According to the research plan, we studied the existence and uniqueness of solutions for distributed parameter systems described by nonlinear second order evolution equations in the framework of variational method due to Lions. For the nonlinear systems we studied optimal control problems, and established necessary optimality conditions in terms of transposed systems for various types of observations. The conditions are new ones for nonlinear systems. The results were applied to practical systems such as sine-Gordon equation, Klein-Gordon equation, nonlinear damped beam equations and others. Next, for coupled sine-Gordon equations, we studied the numerical analysis of approximate solutions based on finite element method. As a result we observed the chaotic behavior of numerical solutions which depends heavily on physical parameters appearing in the equations. Further the head investigator studied the spatially-varying parameter identifiability in linear distributed parameter systems of parabolic and hyperbolic types by interior domain observations. This is a kind of inverse problems and he established several necessary and sufficient conditions for the identifiability. Also he solved the findpath problem of moving objects by means of Liapounof functions with the help of Drs. Ha and Vanualailai. The results of other investigatos are as follows. The investigator Nambu established the characterization of the domain of fractional powers of a class of elliptic differential operators with feedback boundary conditions. The investigator Tabata, by using the idea of optimality conditions, proposed and investigated the model equations for geographic spread of an epidemic. The investigator Naito studied nonlinear elliptic distributed parameter systems and established new conditions for the existence and nonexistence of positive radial solutions. The results of all investigators were published in the journals given below.

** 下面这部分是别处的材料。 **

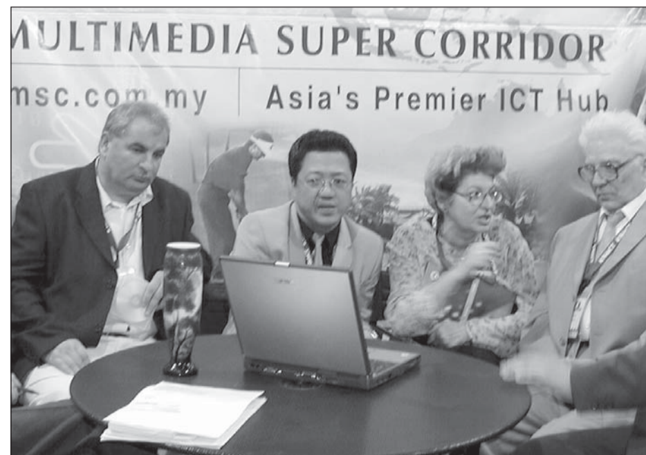
La un stand cu aparatură electronică destinată modernizării procesului de învățământ

根据研究计划，我们在Lions的变分方法框架下研究了由非线性二阶发展方程描述的分布参数系统解的存在唯一性。对于非线性系统，我们研究了最优控制问题，并建立了关于转置系统的最优性必要条件。这些条件对于非线性系统是新的。将所得结果应用于sine-Gordon方程、Klein-Gordon方程、非线性阻尼梁方程等实际系统。其次，针对耦合sine-Gordon方程，研究了基于有限元方法的近似解的数值分析。结果，我们观察到的数值解的混沌行为，这在很大程度上取决于物理参数出现在方程。此外，首席研究员研究了空间变化的参数可识别性的线性分布参数系统的抛物线和双曲型的内部域的意见。这是一类反问题，他建立了几个充分必要条件的可识别性。此外，他解决了findpath问题的移动对象的手段Liapounof功能的帮助下，哈博士和Vanualailai。其他研究的结果如下。研究者Nambu建立了一类带反馈边界条件的椭圆型微分算子的分数幂域的特征。研究者Tabata利用最优性条件的思想，提出并研究了流行病地理传播的模型方程。内藤研究了非线性椭圆型分布参数系统，建立了正径向解存在和不存在的新条件。所有研究者的结果均发表在以下期刊上。

项目成果

J.Ha: "Optimal control of a linear damped second order evolution equation system in Hilber space" Mem.Grad.School Sci,& Technol.,Kobe Univ.15-A. 127-145 (1997)

J.Ha：“希尔伯空间中线性阻尼二阶演化方程组的最优控制”Mem.Grad.School Sci，

S.Nakagiri: "Regional identifiability of spatially-varying parameters in distributed parameter systems of parabolic type" Proceedings of the 11th IFAC Symposium on System Identification. Vol.1. 351-356 (1997)

S.Nakagiri：“抛物型分布参数系统中空间变化参数的区域可辨识性”第 11 届 IFAC 系统辨识研讨会论文集。

M.Tabata: "The spectrum of the linear transport operator with a potential term under the spatial oeriodicity condition" Rendiconti dell Sem. Mat. Univ. Padova. 97-1. 1-23 (1997)

M.Tabata：“空间偶数条件下具有潜在项的线性传输算子的谱”Rendiconti dell Sem。

N.Eshima: "The RC (M) association model and canonical correlation analysis" J.Japan Statistical Society. 27-1. 109-120 (1997)

N.Eshima：“RC（M）关联模型和典型相关分析”J.日本统计学会。

M.Tabata: "A model for the geographic spread of an epidemic which infects human beings" Mem.Grad.School Sci.& Technol., Kobe Univ.16-A. 167-188 (1998)

M.Tabata：“感染人类的​​流行病地理传播的模型”Mem.Grad.School Sci。